Being one to constantly install operating systems I have no need for and ultimately no serious intention to seriously use, this weekend I installed the Windows 7 BETA.  For what little I have tried of it, it is indeed quite nice and very polished.  Proper support for Asian character sets certainly eased my worries after the frustration I had trying Vista.

Windows 7 has appeared to have done what it really needed to do.  It completed the change that Vista started to make the OS palatable to the average user and convey that this is something that's worthwhile, feels fresh and is a genuine improvement.  It looks crisp, the UI is friendly and it installs easily.  I'm sure with time I can find annoyances, but in general it's a win for Microsoft.

However, there is in fact, a problem.  A big one, at least in terms of people such as myself who already knows XP through and through but are looking for an update, which is that the one thing Windows 7 made me want to do above all else is try Ubuntu again.

The problem is change, because Windows 7 actually offers some.  The fact that Windows 7 has a learning curve to the serious users means that the learning curve holding me back from jumping to Ubuntu or another distribution of Linux is now significantly mitigated.  I already know that for the vast majority of my computer activity, Linux can provide that.  The question is whether or not it would be an improvement -- and that same question applies to Windows 7.

Microsoft has done what it had to with Windows 7, which is to provide some palpable change, even if it's superfluous, so there's no blaming here.  Only warning that as long as I'm changing, it's tempting to just go all the way.
Posted by Ellyoda Mon, 19 Jan 2009 05:49:55 (comments: 3)
Mon, 19 Jan 2009 21:07:41
Vista had a learning curve as well.

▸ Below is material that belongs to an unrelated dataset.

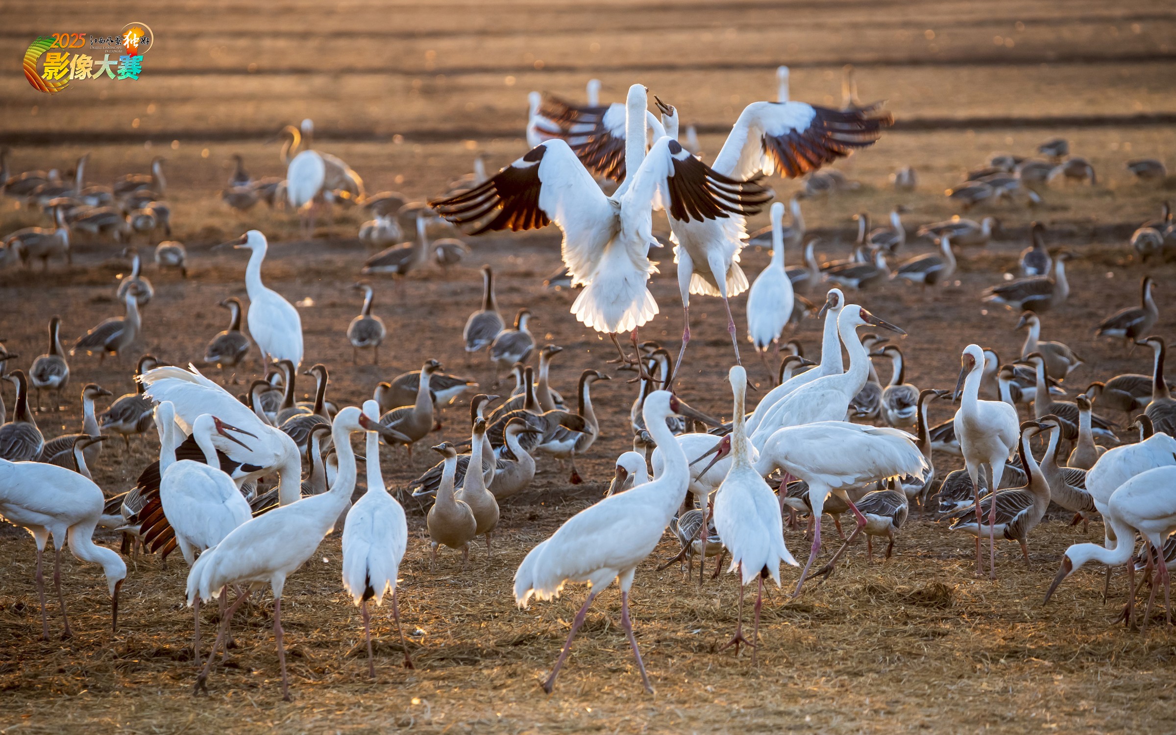 江西鄱阳湖平原,大雁、白鹤等候鸟冬季的家园、快乐的家园。拍摄与江西余干县插旗洲等地。拍摄时间2025年2月。原创作品。

Took me a hell of a while to get used to the idea that all of the music/photo/etc folders are under each user, and can't be accessed by other users unless you put them in the public folders (not really a big deal if you are the sole person using a computer.)

From a GUI standpoint, I don't think any Linux distribution is going to look anywhere near as good as Vista or 7 any time soon. Now that I have 3D I needs it. XP looks like Windows 95 to me now.

The real question is... did they tone down the annoying security popping up whenever you tried to do anything, or at least hide it a little better?
Tue, 20 Jan 2009 02:31:08
The Compiz effects suite makes the visuals in Ubuntu really nice, though I'd go with Windows 7 aesthetically as well.  Meanwhie I turn off the effects in both for the sake of performance and run "Classic" design mode in XP for clarity and efficiency.

I'd need to try something more in-depth, such as setting up my application servers to see what it's doing in terms of whiny security policies.  One thing I noticed, though, was it popping up in the corner telling me I don't have any antivirus.  Good to know!  Let's try to keep it that way.

After using Ubuntu for a bit, there is one dominant and apparent fact: Firefox in Ubuntu destroys Firefox in Windows.  Completely destroys in every single way.  It renders faster, has better JavaScript performance, looks better, has better font rendering, uses less RAM.  It makes up for the fact that Opera is kind of crappy on Ubuntu.
Tue, 20 Jan 2009 02:59:19
Ditto for OpenOffice in Ubuntu (guess that makes sense), it loads up nearly instantly for me, rather than in Windows it takes a good 5-10 seconds like a program such as Photoshop. For some reason it's orange instead of blue too, lol.